Le choix de Visconti est judicieux et même inespéré, Morrissey n’ayant jamais caché son admiration pour ce producteur crucial des années 70. L’obsession des Smiths était telle que leur symbolique “Panic” restitue note pour note l’intro de “Metal Guru” de Marc Bolan. Et cette fringante collaboration produit quelques étincelles : la production est ENORME. D’entrée, cela tonne sur le puissant “I Will See You in Far off Places”, dominé par un motif oriental. Les accords binaires rock, toujours aussi prépondérants, ont une saveur nettement plus digeste que sur la soupe précédente. Comparé à l’immonde Jerry Finn, c’est autre chose ! Visconti n’a pas son pareil pour élever les refrains fédérateurs et donner une dimension spectorienne au rock (“You Have Killed Me”, “The Father Who Must Be Killed”, « The Youngest Was the Most Loved »). Le summum de cette superproduction culmine sur une ballade immense, “Dear God Please Help Me” (juste retour des choses “Après Satan Reject My soul”), orchestrée par il maestro Ennio Morricone en personne.

Et ce n’est pas tout, il y a aussi du remue-ménage du côté de la prose : retenue depuis trop longtemps, la libido de Morrissey a finalement explosé. Qu’il est loin l’idole mancunien qui avait transcendé son abstinence et sa timidité maladive en atouts formidables. A 47 ans, Morrissey déverse des textes salaces avec assurance, remplis d’humour corrosif, qui mériteraient la mention Explicit Lyrics réservée à la tranche « trash » du hip-hop. Les désormais fameux “You Have Killed Me” et “Dear God Please Help Me » mériteraient une analyse sexologique approfondie : « I entered nothing, And Nothing Entered Me, Til You Came With The Key, And You Did Your Best… ». Shocking ! La reine Elisabeth II doit être dans tous ses états.

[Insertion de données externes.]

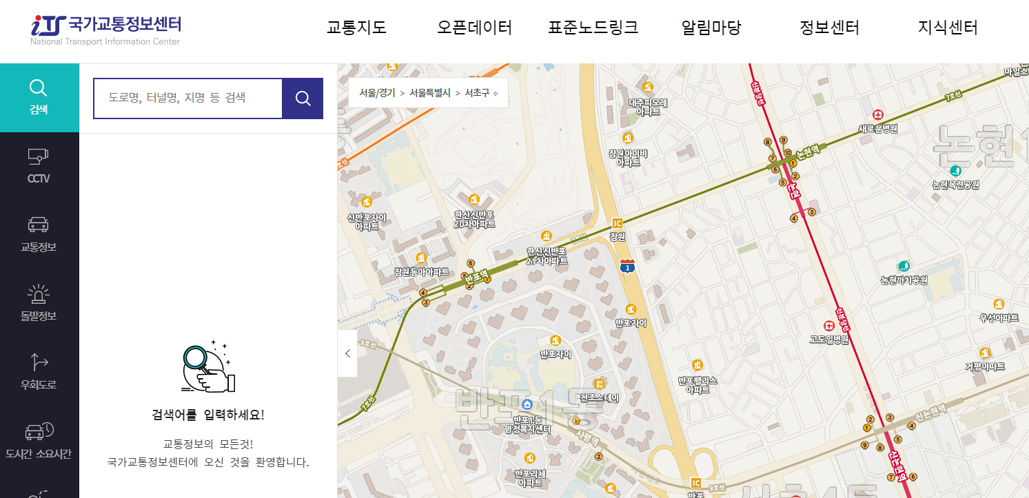 도로 실시간 상황을 확인하기 위해서 메인 페이지를 열면 검색과 CCTV, 교통정보 탭이 좌측에 보인다.

Mais, mais… – et oui, il y a un « mais ». Morrissey doit maintenant faire face à un nouvel obstacle conséquent : la source de bonnes chansons livrées par ses hommes de main commence à se tarir, et de manière inquiétante. Arrivé à peine à la moitié du disque, Ringleaders Of The Tormentors s’essouffle déjà. Du côté de ses compositeurs, c’est la zizanie : Alan Whyte signe la moitié de l’album (d’où s’extirpent trois titres notables) mais ne veut plus tourner, tandis que le phénomène inverse se produit chez Boz Boorer, totalement absent des crédits de compositeur. Le nouveau protégé Jesse Tobias tente de recoller les morceaux, mais hormis le single “You Have Killed Me”, son écriture manque franchement de panache. Du coup, You Are The Quarry que l’on trouvait un peu fade, ironie du sort, semble plus cohérent. Désormais heureux et amoureux (bien que la définition de l’amour par Morrissey demeure complexe), le dandy récemment romain livre donc un disque en demi-teinte ne parvenant à réitérer qu’à moitié le temps béni de Vauxhall & I et Viva Hate.